WHAT IS BEING ASKED:
Without the pictures, write out all the lines below exactly as they appear.

SOURCE DATA:

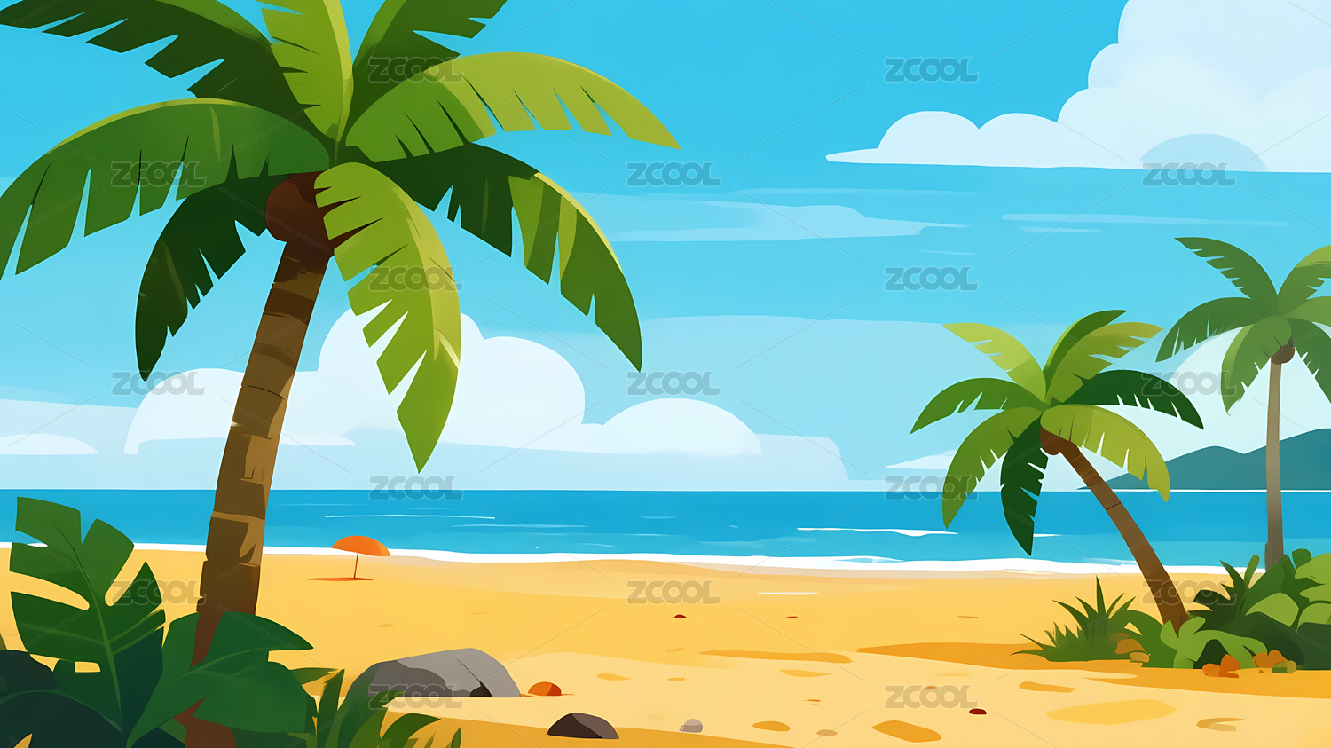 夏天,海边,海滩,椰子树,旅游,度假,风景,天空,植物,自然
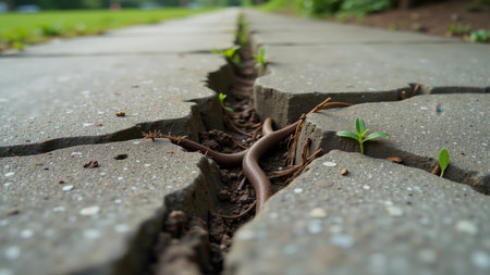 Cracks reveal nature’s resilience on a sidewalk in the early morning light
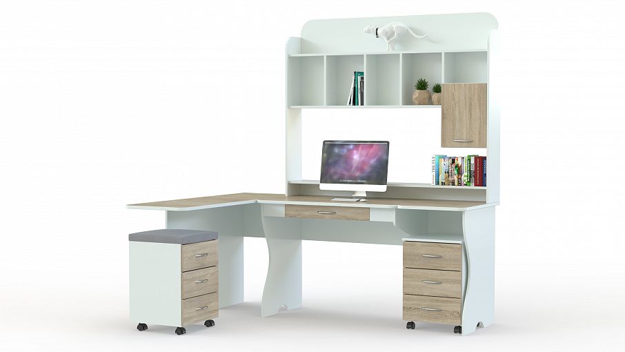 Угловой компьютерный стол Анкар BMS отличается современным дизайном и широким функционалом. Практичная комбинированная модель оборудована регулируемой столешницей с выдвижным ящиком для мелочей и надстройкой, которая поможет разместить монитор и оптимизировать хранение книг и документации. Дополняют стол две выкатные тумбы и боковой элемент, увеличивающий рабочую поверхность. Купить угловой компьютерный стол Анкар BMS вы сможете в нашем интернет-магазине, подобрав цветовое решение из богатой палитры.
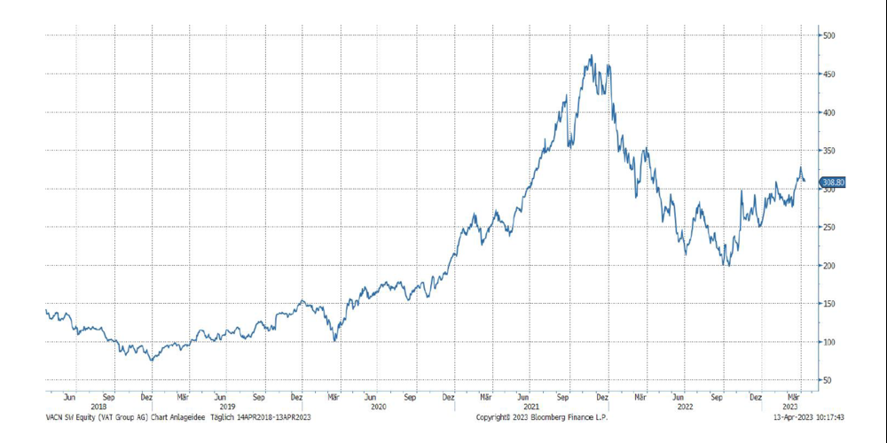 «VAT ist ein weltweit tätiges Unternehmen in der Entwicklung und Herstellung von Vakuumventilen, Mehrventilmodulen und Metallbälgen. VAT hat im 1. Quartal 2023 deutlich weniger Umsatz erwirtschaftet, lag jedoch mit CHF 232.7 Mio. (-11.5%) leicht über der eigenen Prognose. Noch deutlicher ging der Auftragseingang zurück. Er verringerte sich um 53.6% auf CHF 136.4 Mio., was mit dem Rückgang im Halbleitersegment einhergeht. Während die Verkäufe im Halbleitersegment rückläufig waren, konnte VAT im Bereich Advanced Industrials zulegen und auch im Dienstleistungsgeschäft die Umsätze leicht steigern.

ANSWER SPACE:
 夏天,海边,海滩,椰子树,旅游,度假,风景,天空,植物,自然
 Cracks reveal nature’s resilience on a sidewalk in the early morning light
 Угловой компьютерный стол Анкар BMS отличается современным дизайном и широким функционалом. Практичная комбинированная модель оборудована регулируемой столешницей с выдвижным ящиком для мелочей и надстройкой, которая поможет разместить монитор и оптимизировать хранение книг и документации. Дополняют стол две выкатные тумбы и боковой элемент, увеличивающий рабочую поверхность. Купить угловой компьютерный стол Анкар BMS вы сможете в нашем интернет-магазине, подобрав цветовое решение из богатой палитры.
 «VAT ist ein weltweit tätiges Unternehmen in der Entwicklung und Herstellung von Vakuumventilen, Mehrventilmodulen und Metallbälgen. VAT hat im 1. Quartal 2023 deutlich weniger Umsatz erwirtschaftet, lag jedoch mit CHF 232.7 Mio. (-11.5%) leicht über der eigenen Prognose. Noch deutlicher ging der Auftragseingang zurück. Er verringerte sich um 53.6% auf CHF 136.4 Mio., was mit dem Rückgang im Halbleitersegment einhergeht. Während die Verkäufe im Halbleitersegment rückläufig waren, konnte VAT im Bereich Advanced Industrials zulegen und auch im Dienstleistungsgeschäft die Umsätze leicht steigern.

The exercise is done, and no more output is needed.